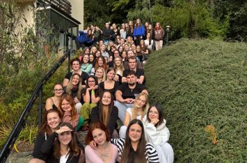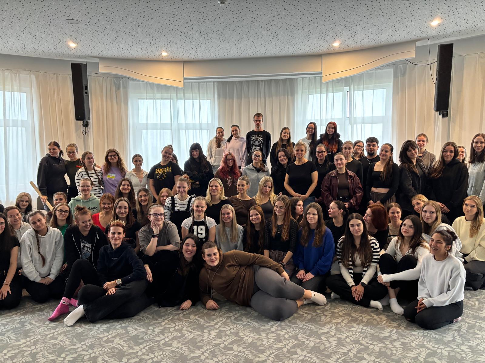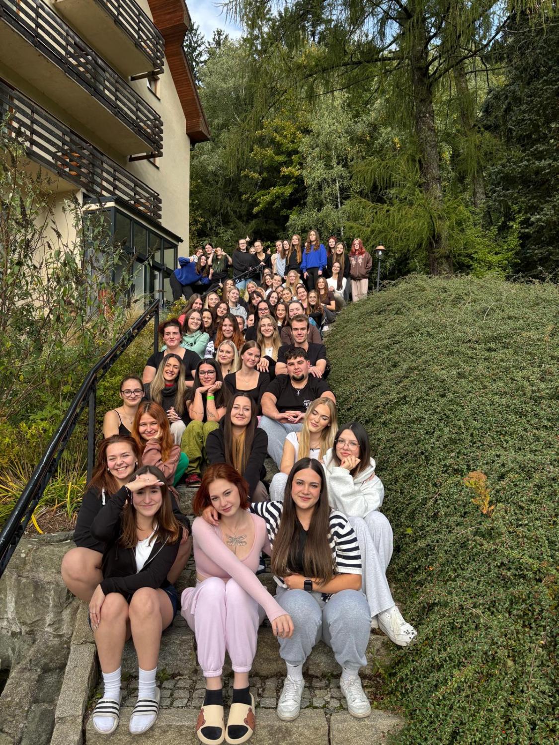 Druhý den jsme začali ranní jógou, které se zúčastnili překvapivě i ti, kdo původně neplánovali vstávat tak brzy! Po snídani jsme si zabalili věci a čekal nás ještě poslední týmový úkol – přelézačka, při které jsme museli spolupracovat a pomáhat si navzájem, abychom všichni společně překonali překážku. Nakonec došlo ke korunovaci nás všech a oficiální pasování na studenta VOŠky.
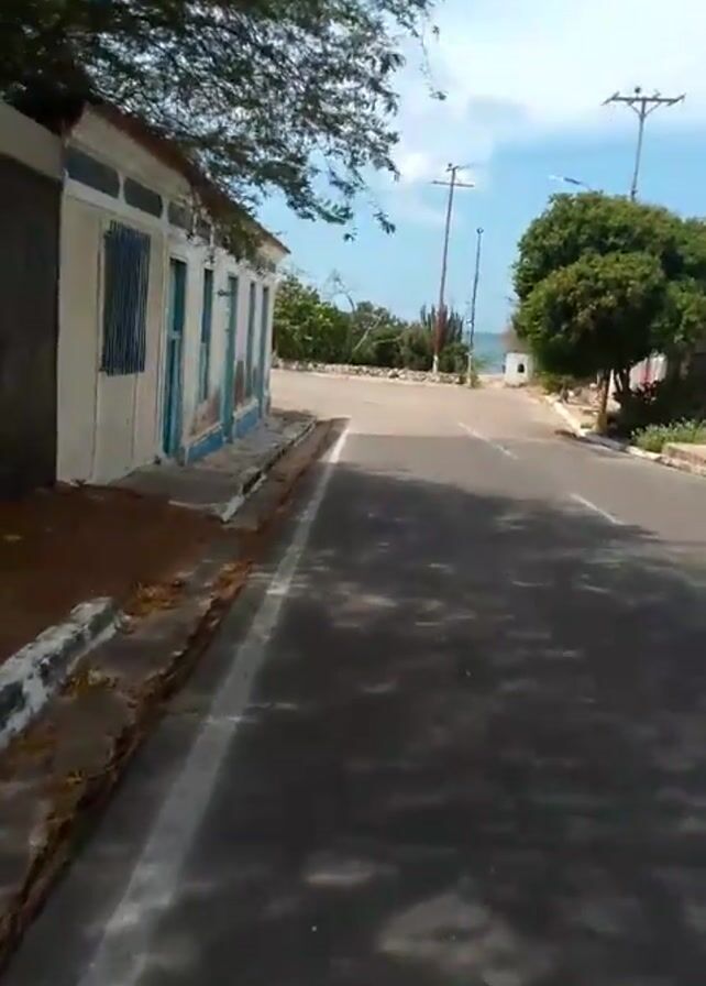 The camera moves down a narrow, paved street flanked by low buildings with weathered white walls and blue trim
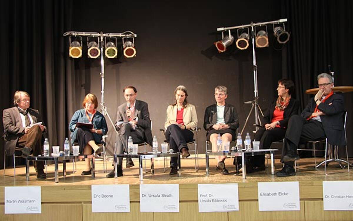 Eine Position, die unter der engagierten Moderation von Dr. Ursula Stroth Beifall fand bei dem Hildesheimer Regens Dr. Christian Hennecke und Martin Wrasmann, dem stellvertretenden Leiter der Hauptabteilung Pastoral im Bischöflichen Generalvikariat. Beide haben die neuen Leitungsmodelle gemeinsam mit dem Diözesanrat der Katholiken, dessen Vorsitzende Elisabeth Eicke ebenfalls auf dem Podium saß, mitgestaltet. Wrasmann möchte dadurch den „Thermoskanneneffekt“ warm halten nach innen, null Ausstrahlung nach außen durchbrechen. Dies werde in den Pfarrgemeinden nicht ohne fachliche Begleitung gehen, glaubt Hennecke.
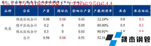 1、調(diào)研數(shù)據(jù)顯示,統(tǒng)計的河南地區(qū)10家建筑厚壁無縫鋼管樣本無縫厚壁鋼管廠家中,河南省無縫厚壁鋼管廠家線盤日均產(chǎn)量0.56萬噸,較上周產(chǎn)量增加0.06萬噸;線盤產(chǎn)能利用率52.34%,較上周增幅12%。
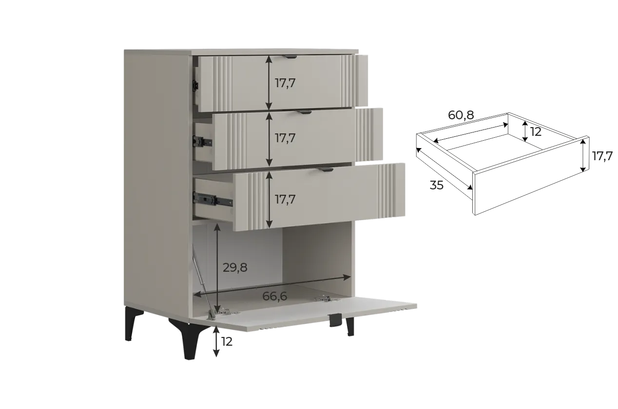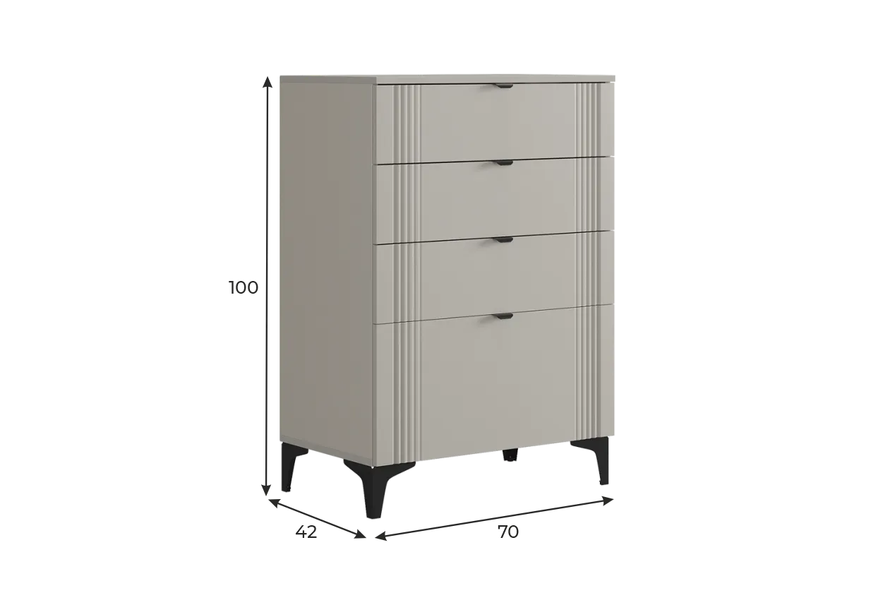 Комод изготовлен из качественных материалов: корпус выполнен из ЛДСП, что гарантирует прочность и долговечность, а фасад, выполненный из МДФ в плёнке ПВХ, не только выглядит эстетично, но и защищает комод от повреждений. Особое внимание заслуживает фрезеровка фасадов, которая придаёт изделию изысканный вид.
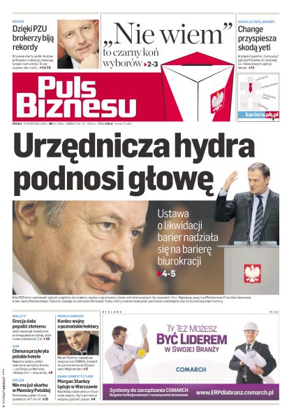 Kandydat PO ma największe szanse na zwycięstwo w wyborach prezydenckich; czarne chmury zawisły nad ustawą o wielkim sprzątaniu biurokracji w Polsce; Morgan Stanley otwiera biuro w Warszawie – z wielkiej 10 banków inwestycyjnych brakuje już tylko jednego; tydzień żałoby narodowej, a zaraz po nim chmura pyłu – to odbiło się na kieszeniach hotelarzy; resort skarbu pozbył się udziałów w Mennicy; polska grupa reklamowa znalazła się na prestiżowej liście najlepszych agencji na świecie; eksperci szacują, że dzięki zapisom na akcje PZU przybędzie nawet 100 tys. nowych rachunków; greckie kłopoty zdecydowanie pogorszyły nastroje na europejskich parkietach.
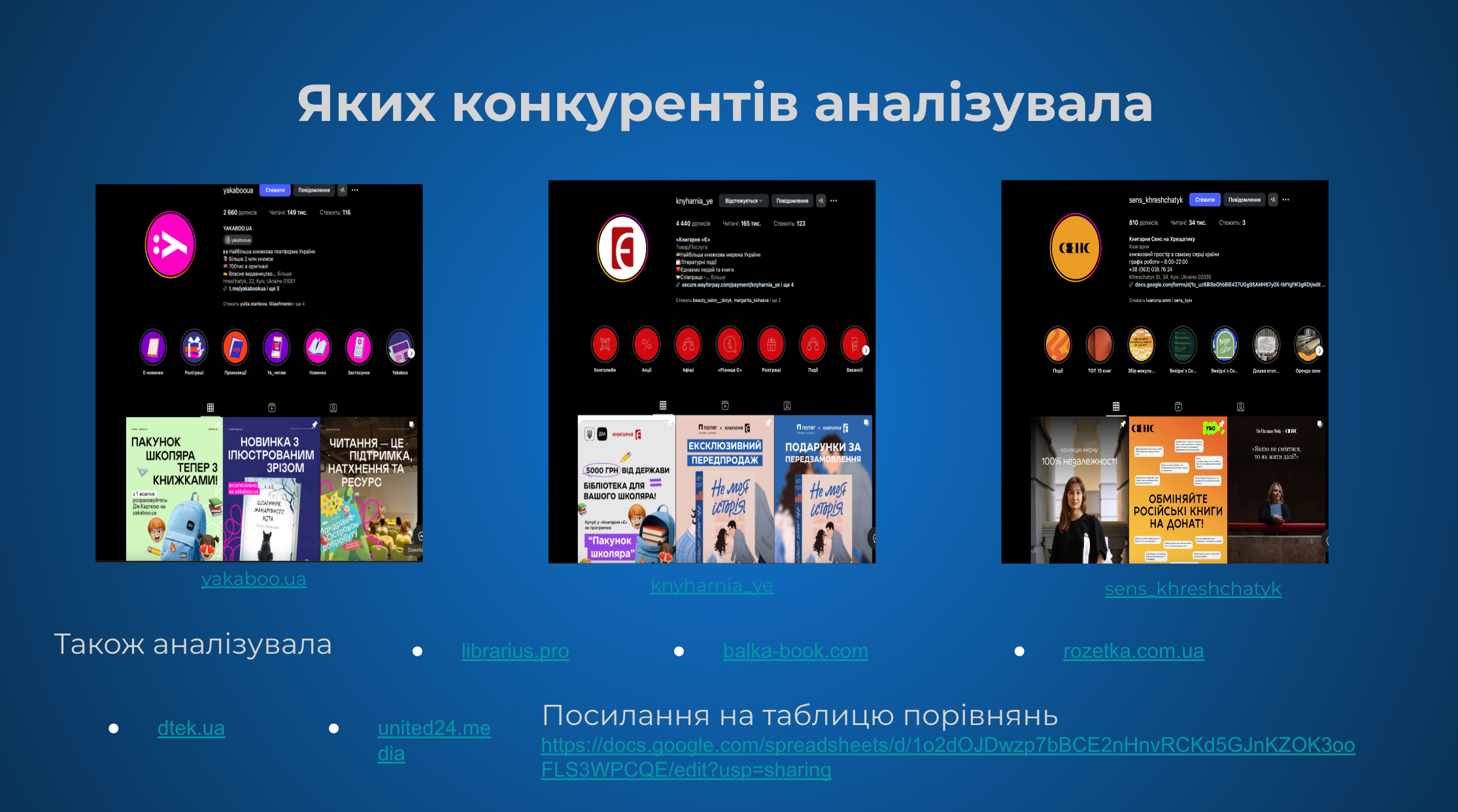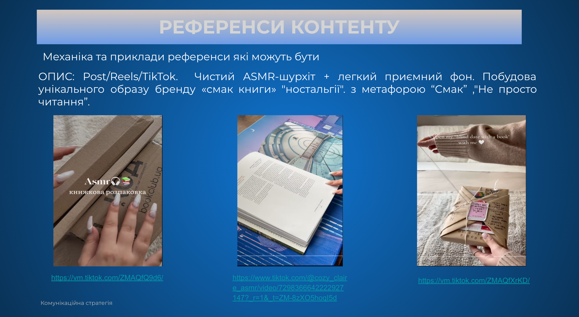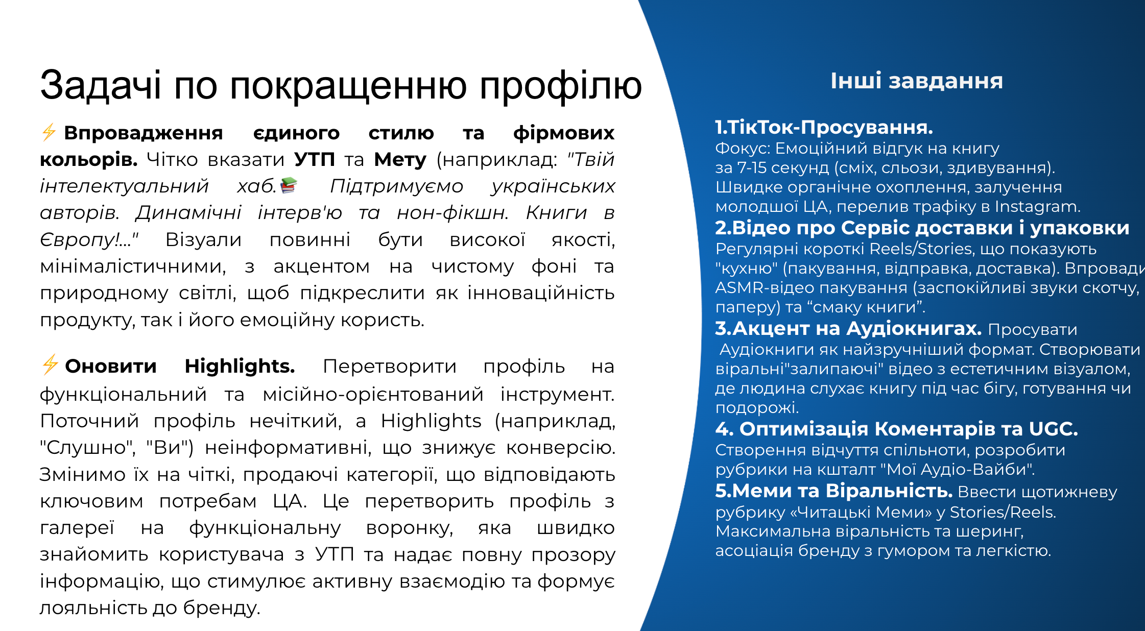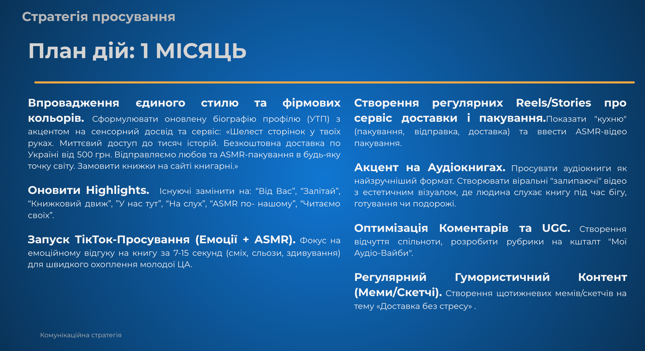 Зараз ти побачиш окремі слайди зі стратегії, яку студентка формувала для клієнта. Це не повний файл, але навіть в такому вигляді ти зможеш оцінити рівень та глибину знань випускника.

---

WHAT YOU WILL DO: Output every record verbatim, excluding any picture it contains.

ANSWER AREA:
 Druhý den jsme začali ranní jógou, které se zúčastnili překvapivě i ti, kdo původně neplánovali vstávat tak brzy! Po snídani jsme si zabalili věci a čekal nás ještě poslední týmový úkol – přelézačka, při které jsme museli spolupracovat a pomáhat si navzájem, abychom všichni společně překonali překážku. Nakonec došlo ke korunovaci nás všech a oficiální pasování na studenta VOŠky.
 The camera moves down a narrow, paved street flanked by low buildings with weathered white walls and blue trim
 Eine Position, die unter der engagierten Moderation von Dr. Ursula Stroth Beifall fand bei dem Hildesheimer Regens Dr. Christian Hennecke und Martin Wrasmann, dem stellvertretenden Leiter der Hauptabteilung Pastoral im Bischöflichen Generalvikariat. Beide haben die neuen Leitungsmodelle gemeinsam mit dem Diözesanrat der Katholiken, dessen Vorsitzende Elisabeth Eicke ebenfalls auf dem Podium saß, mitgestaltet. Wrasmann möchte dadurch den „Thermoskanneneffekt“ warm halten nach innen, null Ausstrahlung nach außen durchbrechen. Dies werde in den Pfarrgemeinden nicht ohne fachliche Begleitung gehen, glaubt Hennecke.
 1、調(diào)研數(shù)據(jù)顯示,統(tǒng)計的河南地區(qū)10家建筑厚壁無縫鋼管樣本無縫厚壁鋼管廠家中,河南省無縫厚壁鋼管廠家線盤日均產(chǎn)量0.56萬噸,較上周產(chǎn)量增加0.06萬噸;線盤產(chǎn)能利用率52.34%,較上周增幅12%。
 Комод изготовлен из качественных материалов: корпус выполнен из ЛДСП, что гарантирует прочность и долговечность, а фасад, выполненный из МДФ в плёнке ПВХ, не только выглядит эстетично, но и защищает комод от повреждений. Особое внимание заслуживает фрезеровка фасадов, которая придаёт изделию изысканный вид.
 Kandydat PO ma największe szanse na zwycięstwo w wyborach prezydenckich; czarne chmury zawisły nad ustawą o wielkim sprzątaniu biurokracji w Polsce; Morgan Stanley otwiera biuro w Warszawie – z wielkiej 10 banków inwestycyjnych brakuje już tylko jednego; tydzień żałoby narodowej, a zaraz po nim chmura pyłu – to odbiło się na kieszeniach hotelarzy; resort skarbu pozbył się udziałów w Mennicy; polska grupa reklamowa znalazła się na prestiżowej liście najlepszych agencji na świecie; eksperci szacują, że dzięki zapisom na akcje PZU przybędzie nawet 100 tys. nowych rachunków; greckie kłopoty zdecydowanie pogorszyły nastroje na europejskich parkietach.
 Зараз ти побачиш окремі слайди зі стратегії, яку студентка формувала для клієнта. Це не повний файл, але навіть в такому вигляді ти зможеш оцінити рівень та глибину знань випускника.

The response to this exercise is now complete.